YOUR OBJECTIVE: Print only the lines below from the one with "I've been a-waitin' in school all day long |" to the one with "Samowar Tradycyjny Węglowy", both included, exactly as they stand. Leave pictures out.

EXTRACTED DATA:
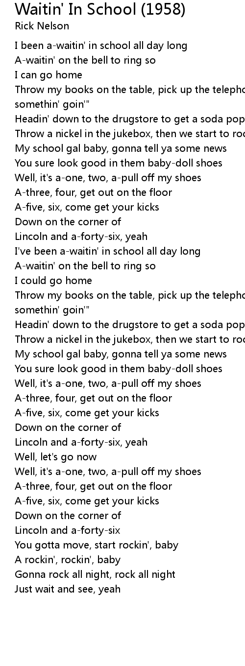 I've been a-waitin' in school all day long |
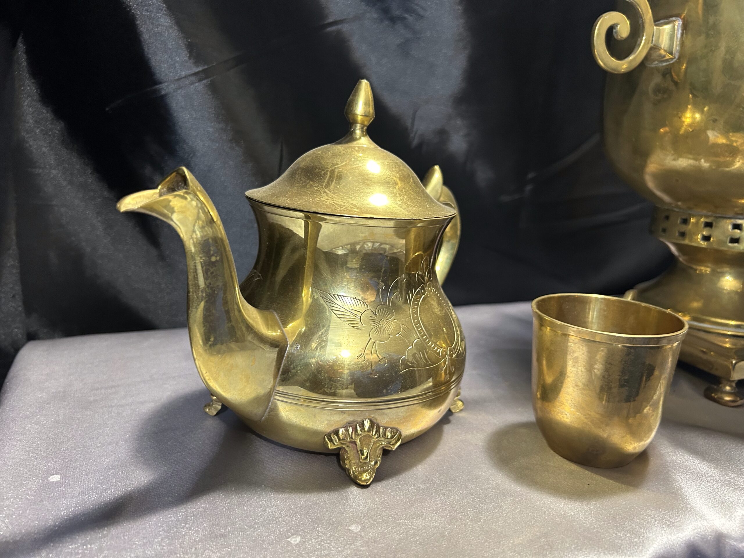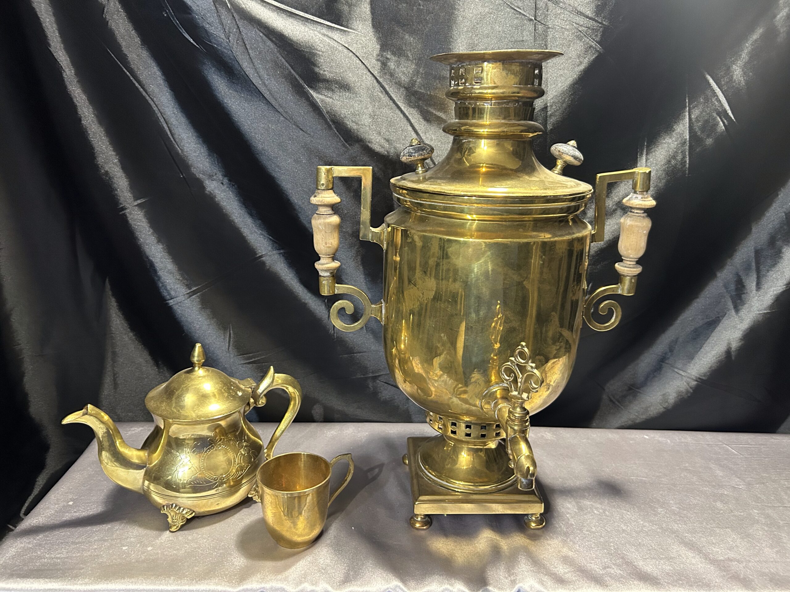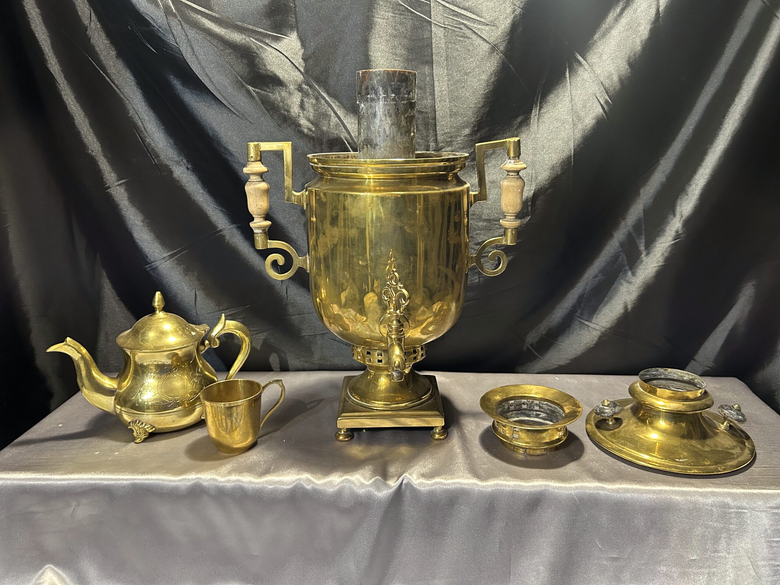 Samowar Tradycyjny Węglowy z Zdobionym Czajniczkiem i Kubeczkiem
--
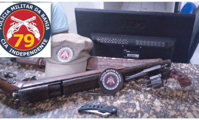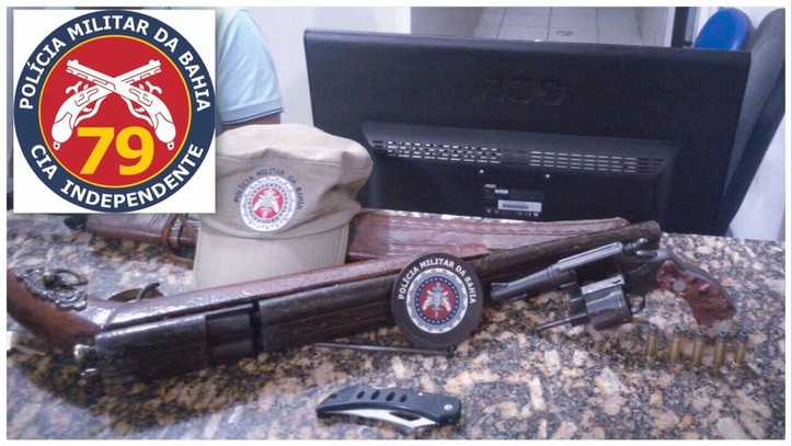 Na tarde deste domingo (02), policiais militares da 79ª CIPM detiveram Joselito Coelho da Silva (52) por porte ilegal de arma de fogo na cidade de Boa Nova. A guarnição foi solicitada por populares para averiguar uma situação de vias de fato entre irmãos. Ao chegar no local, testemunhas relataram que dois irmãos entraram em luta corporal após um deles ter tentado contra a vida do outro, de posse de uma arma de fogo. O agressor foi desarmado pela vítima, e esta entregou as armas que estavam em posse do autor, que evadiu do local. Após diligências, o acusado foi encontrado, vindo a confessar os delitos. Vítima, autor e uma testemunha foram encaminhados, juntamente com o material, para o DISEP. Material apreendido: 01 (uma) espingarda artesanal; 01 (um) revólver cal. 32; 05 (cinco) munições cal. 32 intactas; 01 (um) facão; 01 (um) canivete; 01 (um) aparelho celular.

EXERCISE RESULT:
 I've been a-waitin' in school all day long |
 Samowar Tradycyjny Węglowy z Zdobionym Czajniczkiem i Kubeczkiem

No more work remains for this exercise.